2025 yılında TÜİK’in enflasyon sepetinde gıdanın payı yüzde 25, kiranın payı yüzde 15 civarındayken, dar gelirli bir aile için bu oranlar toplamda yüzde 60’ın üzerinde. Erdoğan-Şimşek programının katı bir şekilde uygulandığı ve halkın geçim krizinin her geçen gün derinleştiği koşullarda TÜİK’in açıkladığı enflasyon verilerinin gerçeği yansıttığına kimse inanmıyor.
Kamuoyunda hakim kanaat, resmi rakamlara siyasi müdahale olduğu yönünde.

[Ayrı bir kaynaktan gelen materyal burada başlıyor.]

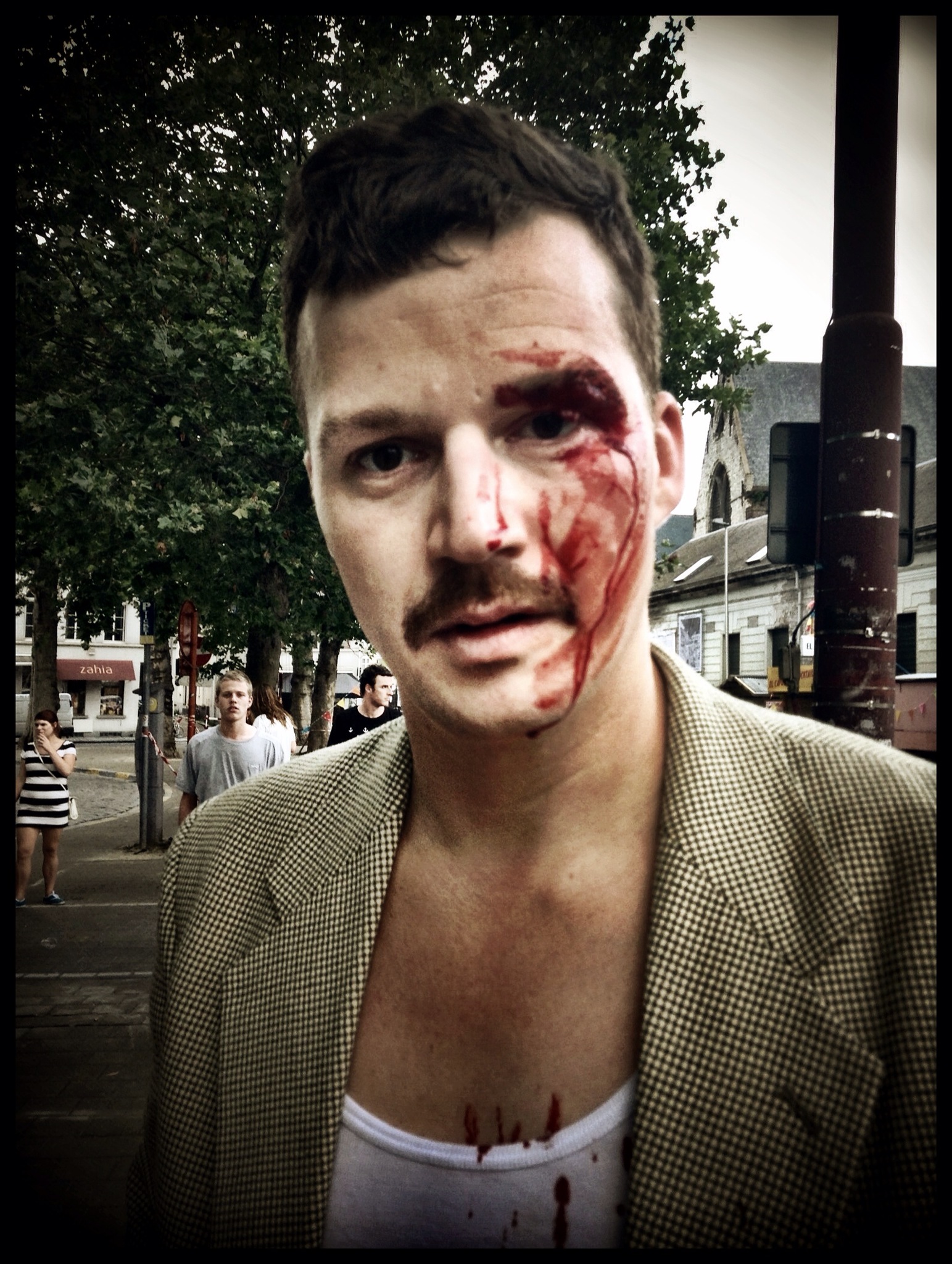 Straks wordt hij genaaid en hij zucht dat het nu al de derde keer is dat hij het einde van de Gentse Feesten met een blauw oog zal meemaken. Doordat hij tijdig behandeld wordt, hoeft hij niet te vrezen dat de dokters zijn gezicht moeten amputeren.

Bu nedenle resmi enflasyonun “gerçek hayatın enflasyonu”nu tam olarak yansıtmadığı, daha çok iktidarın siyasal-ekonomik ihtiyaçlarına göre düzenlenen bir istatistik işlevi olduğu konusunda hemen herkes hemfikir.
Emekçiler için enflasyon, özellikle de hayat pahalılığı sadece bir istatistik değil, günlük yaşamın en yakıcı gerçekliğini oluşturuyor. Asgari ücretle çalışan bir işçinin ücreti yıl başında 22 bin 102 lira iken yılın ilk sekiz ayı içinde reel değeri 16 bin liranın altına geriledi.
TÜİK tarafından açıklanan resmi enflasyon ile işçilerin enflasyonu arasında en az iki kat fark olduğunu görmek için ekonomi uzmanı olmaya gerek yok. Bu acı fark, sadece rakam değil; sofradaki ekmeğin küçülmesi, yetersiz beslenme sorununun büyümesi, çocuğun okul harçlığının yetmemesi, faturaların ödenememesi, kredi ve kredi kartı borçlarının geri döndürülemez şekilde birikmesi demek.
Zenginler için “katlanılabilir bir maliyet” olan enflasyon, yoksullar için daha fazla açlık ve yoksunluk anlamına gelir. Bu nedenle enflasyon ölçümü sadece teknik bir hesaplama değil, sınıfsal bir meseledir. TÜİK “kimin enflasyonu?”nu ölçüyor sorusu aslında “Kimin hayatı değerli sayılıyor?” sorusuna denk düşüyor. O nedenle Türkiye’de her ay açıklanan resmi enflasyon işçilerin değil, sermayenin enflasyonudur.